RECORDS SHOWN>
--
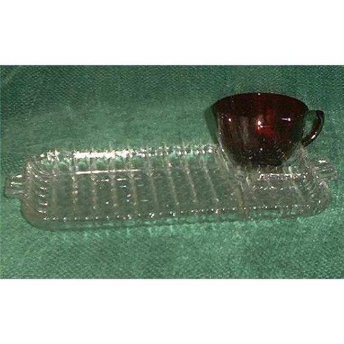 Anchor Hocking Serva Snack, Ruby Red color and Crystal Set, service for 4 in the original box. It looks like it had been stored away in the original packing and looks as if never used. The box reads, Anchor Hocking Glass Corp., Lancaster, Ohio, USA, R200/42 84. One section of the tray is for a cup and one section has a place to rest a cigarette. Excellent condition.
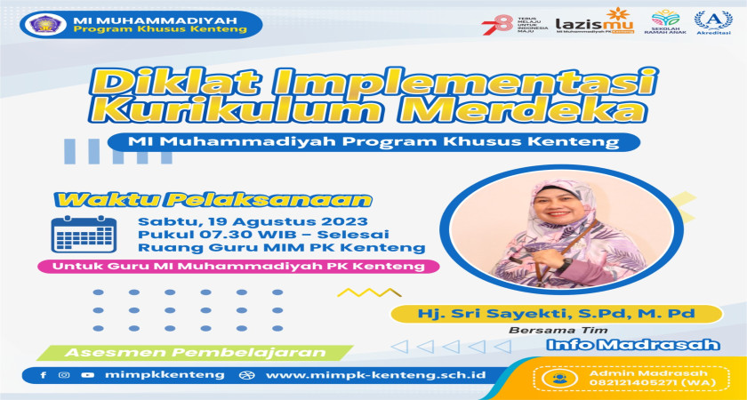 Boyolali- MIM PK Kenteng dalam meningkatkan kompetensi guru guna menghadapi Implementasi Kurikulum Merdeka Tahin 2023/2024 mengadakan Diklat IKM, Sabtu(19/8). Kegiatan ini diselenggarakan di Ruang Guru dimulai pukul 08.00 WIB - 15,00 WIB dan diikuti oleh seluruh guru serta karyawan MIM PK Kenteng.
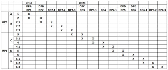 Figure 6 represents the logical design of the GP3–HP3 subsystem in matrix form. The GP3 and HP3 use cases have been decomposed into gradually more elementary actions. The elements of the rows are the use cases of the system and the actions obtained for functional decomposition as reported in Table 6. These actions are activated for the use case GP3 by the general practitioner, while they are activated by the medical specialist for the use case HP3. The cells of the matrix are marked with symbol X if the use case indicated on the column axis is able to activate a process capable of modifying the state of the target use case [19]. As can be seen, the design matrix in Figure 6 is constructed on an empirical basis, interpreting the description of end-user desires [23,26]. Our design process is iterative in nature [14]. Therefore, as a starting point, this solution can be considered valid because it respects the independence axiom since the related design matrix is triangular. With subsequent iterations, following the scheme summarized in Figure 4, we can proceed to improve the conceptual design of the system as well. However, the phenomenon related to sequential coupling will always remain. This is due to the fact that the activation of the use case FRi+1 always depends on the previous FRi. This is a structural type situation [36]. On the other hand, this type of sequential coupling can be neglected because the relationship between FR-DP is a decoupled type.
--
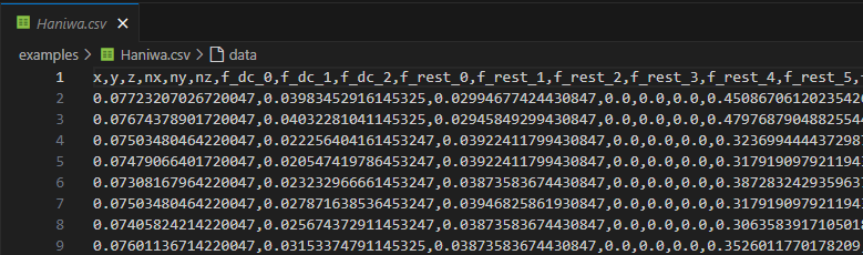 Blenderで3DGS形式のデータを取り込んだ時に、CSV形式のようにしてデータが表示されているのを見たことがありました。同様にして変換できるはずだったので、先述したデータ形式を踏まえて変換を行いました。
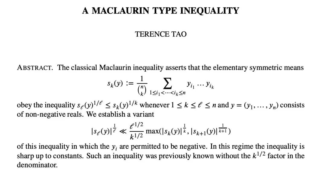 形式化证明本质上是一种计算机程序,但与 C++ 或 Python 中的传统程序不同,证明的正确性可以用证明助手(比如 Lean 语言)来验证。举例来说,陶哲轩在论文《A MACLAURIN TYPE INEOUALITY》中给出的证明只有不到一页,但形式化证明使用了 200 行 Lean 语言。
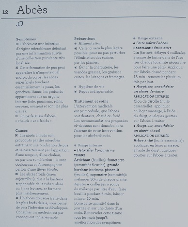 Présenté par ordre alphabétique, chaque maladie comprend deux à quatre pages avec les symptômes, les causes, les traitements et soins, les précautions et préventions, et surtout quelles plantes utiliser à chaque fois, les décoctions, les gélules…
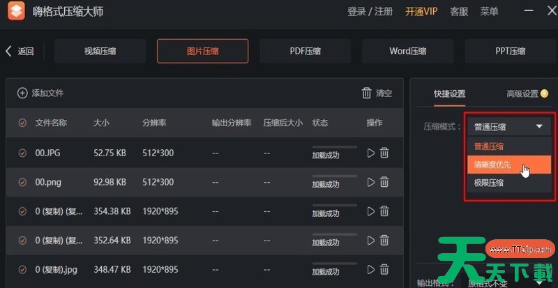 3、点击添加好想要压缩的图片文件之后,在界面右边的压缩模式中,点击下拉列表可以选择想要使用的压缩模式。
--
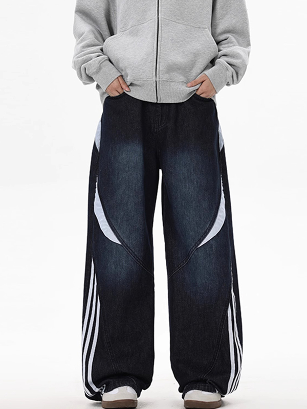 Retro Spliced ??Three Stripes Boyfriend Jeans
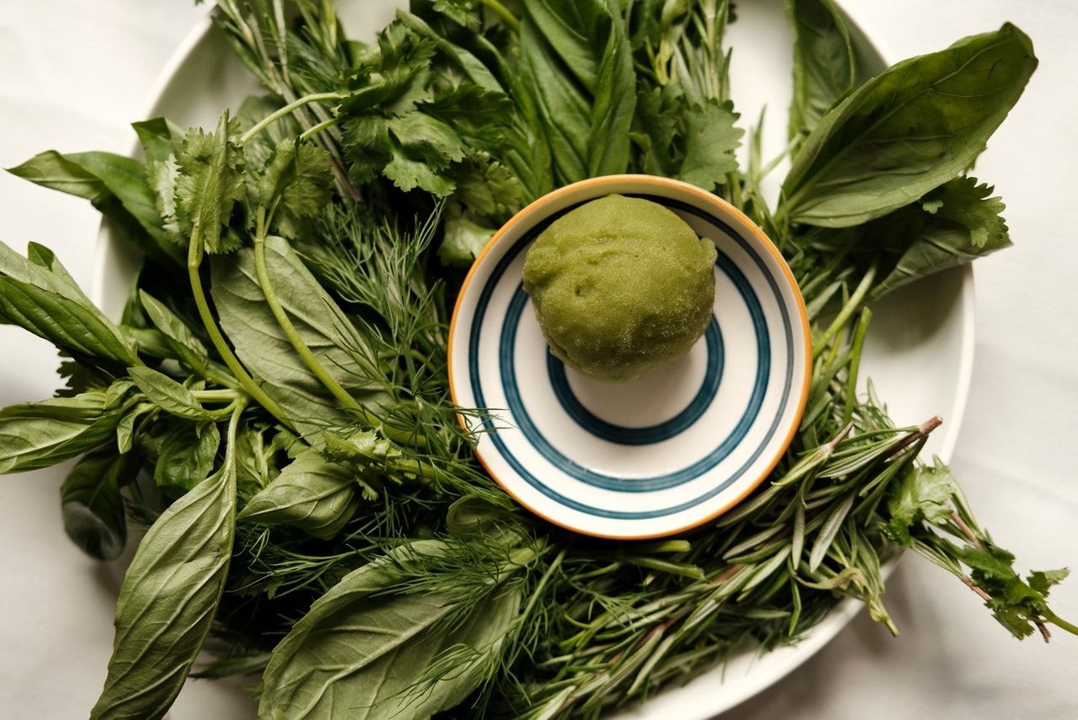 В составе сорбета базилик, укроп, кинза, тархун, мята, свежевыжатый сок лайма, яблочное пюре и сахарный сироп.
--
YOUR TASK> Above are some records; extract exactly the lines from the one containing "Anchor Hocking Serva" through the one containing "Figure 6 represents" and drop the pictures.

RESULT>
 Anchor Hocking Serva Snack, Ruby Red color and Crystal Set, service for 4 in the original box. It looks like it had been stored away in the original packing and looks as if never used. The box reads, Anchor Hocking Glass Corp., Lancaster, Ohio, USA, R200/42 84. One section of the tray is for a cup and one section has a place to rest a cigarette. Excellent condition.
 Boyolali- MIM PK Kenteng dalam meningkatkan kompetensi guru guna menghadapi Implementasi Kurikulum Merdeka Tahin 2023/2024 mengadakan Diklat IKM, Sabtu(19/8). Kegiatan ini diselenggarakan di Ruang Guru dimulai pukul 08.00 WIB - 15,00 WIB dan diikuti oleh seluruh guru serta karyawan MIM PK Kenteng.
 Figure 6 represents the logical design of the GP3–HP3 subsystem in matrix form. The GP3 and HP3 use cases have been decomposed into gradually more elementary actions. The elements of the rows are the use cases of the system and the actions obtained for functional decomposition as reported in Table 6. These actions are activated for the use case GP3 by the general practitioner, while they are activated by the medical specialist for the use case HP3. The cells of the matrix are marked with symbol X if the use case indicated on the column axis is able to activate a process capable of modifying the state of the target use case [19]. As can be seen, the design matrix in Figure 6 is constructed on an empirical basis, interpreting the description of end-user desires [23,26]. Our design process is iterative in nature [14]. Therefore, as a starting point, this solution can be considered valid because it respects the independence axiom since the related design matrix is triangular. With subsequent iterations, following the scheme summarized in Figure 4, we can proceed to improve the conceptual design of the system as well. However, the phenomenon related to sequential coupling will always remain. This is due to the fact that the activation of the use case FRi+1 always depends on the previous FRi. This is a structural type situation [36]. On the other hand, this type of sequential coupling can be neglected because the relationship between FR-DP is a decoupled type.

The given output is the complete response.